Bristol

  • Are social media destroying the rest of the internet?

    That was one question discussed yesterday evening over a couple of pints of Cotswold Spring’s Stunner ale in Bristol’s Seven Stars pub with a couple of friends from the Easton Cowboys. More specifically, it the question could be rephrased as: are the likes of Facebook and Twitter pulling in so much traffic that they detract from everyone else’s content?

    Two of us run websites, so the matter is quite pertinent and can be broken down into a couple of simple aspects.

    Firstly, some people thank that if they just post on their organisation’s Facebook wall, everyone in that organisation will see it. They are, of course, mistaken. Some people avoid Facebook for privacy reasons, in addition to which Facebook’s APIs are so obscure, it’s difficult for an organisation’s webmaster to scrape content from Facebook and place it on the organisation’s website.

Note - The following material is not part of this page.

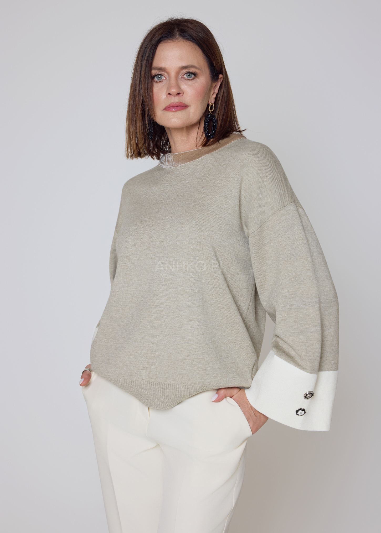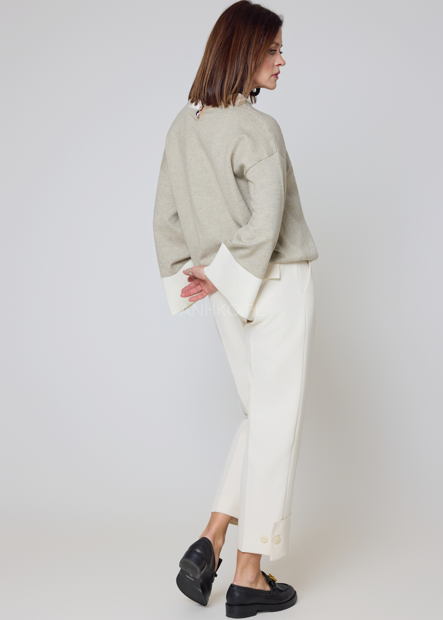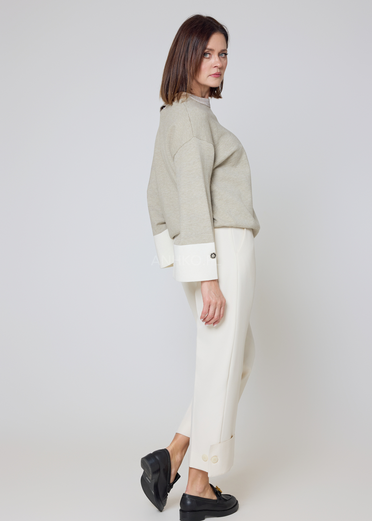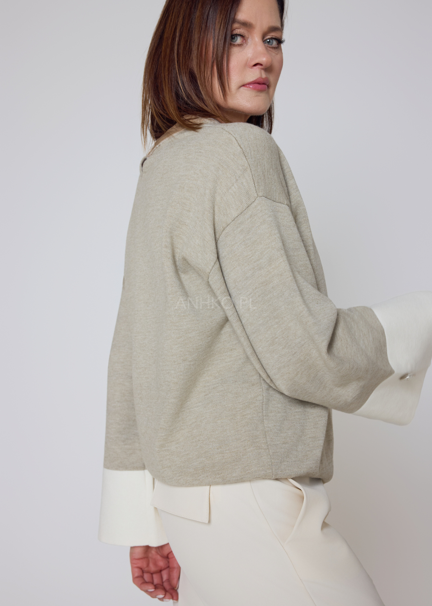 Stylowy sweter o swobodnym kroju, wykonany z miękkiej mieszanki wiskozowej, zapewnia wyjątkowy komfort i dopasowanie. Kontrastowe, jasne mankiety zdobią dekoracyjne guziki, które nadają całości eleganckiego charakteru. Model nie posiada kieszeni ani podszewki, dzięki czemu zachowuje lekkość i świetnie układa się na sylwetce. Idealny do codziennych stylizacji z jeansami, jak i bardziej eleganckich zestawów z cygaretkami czy spódnicą. Doskonale sprawdzi się do pracy, na spotkania, kolacje oraz weekendowe wyjścia. Uniwersalna kolorystyka umożliwia łatwe łączenie z dodatkami, a delikatny kołnierz w innym odcieniu dodaje mu unikatowego stylu.

    Turning to Twitter, is the ubiquitous 140 character tweet replacing proper debate on blogs? We noted that if one blogs and tweets a link to the post, feedback is more likely these days to come via tweets than from actual comments on the blog. One of the great aspects of blogging is that comments on posts can encourage debate. This debate has now been reduced to soundbites of no more than 140 characters. However, the situation is more complicated than that. Whereas at one time, the ability to comment was restricted to blogs, the traditional media have now started to catch up, allowing comments on articles and thus have more interaction with their readers instead of just broadcasting at them.

    In answer to the question of whether social media are destroying the rest of the internet, only time will tell and the jury is still out. You can help the deliberations by commenting below.

    Finally, note that this discussion took place down the pub. Don’t forget that pubs, cafés and their cultural equivalents elsewhere in the world are the original social networking sites. 🙂

  • Is spring on its way?

    Celandines (aka Ranunculus ficaria) are normally one of the first signs of spring, emerging around Easter time when the trees overhead have no leaves and the ground around is clear of competitors. Celandines usually flower between March and May each year.

    However, even I was amazed to find celandines in bloom in Bristol on 3rd January on the Bristol & Bath Railway Path at Clay Bottom while coming back from a shopping trip to Fishponds. Gilbert White, the celebrated naturalist who chronicled the natural history of Selborne in Hampshire in the 1800s, only managed to record them as early as 21st February

    A celandine in bloom on 3rd January 2013
    A celandine in bloom on 3rd January 2013

    Is this unprecedentedly early blossoming yet more evidence of climate change? Comments welcome.

  • Henbury Loop petition

    It’s not very often I agree with a Tory – and even less often that I agree with an elected Tory MP – but Bristol North West MP Charlotte Leslie has started a petition to lobby for the inclusion of the Henbury Loop in any future local rail plans.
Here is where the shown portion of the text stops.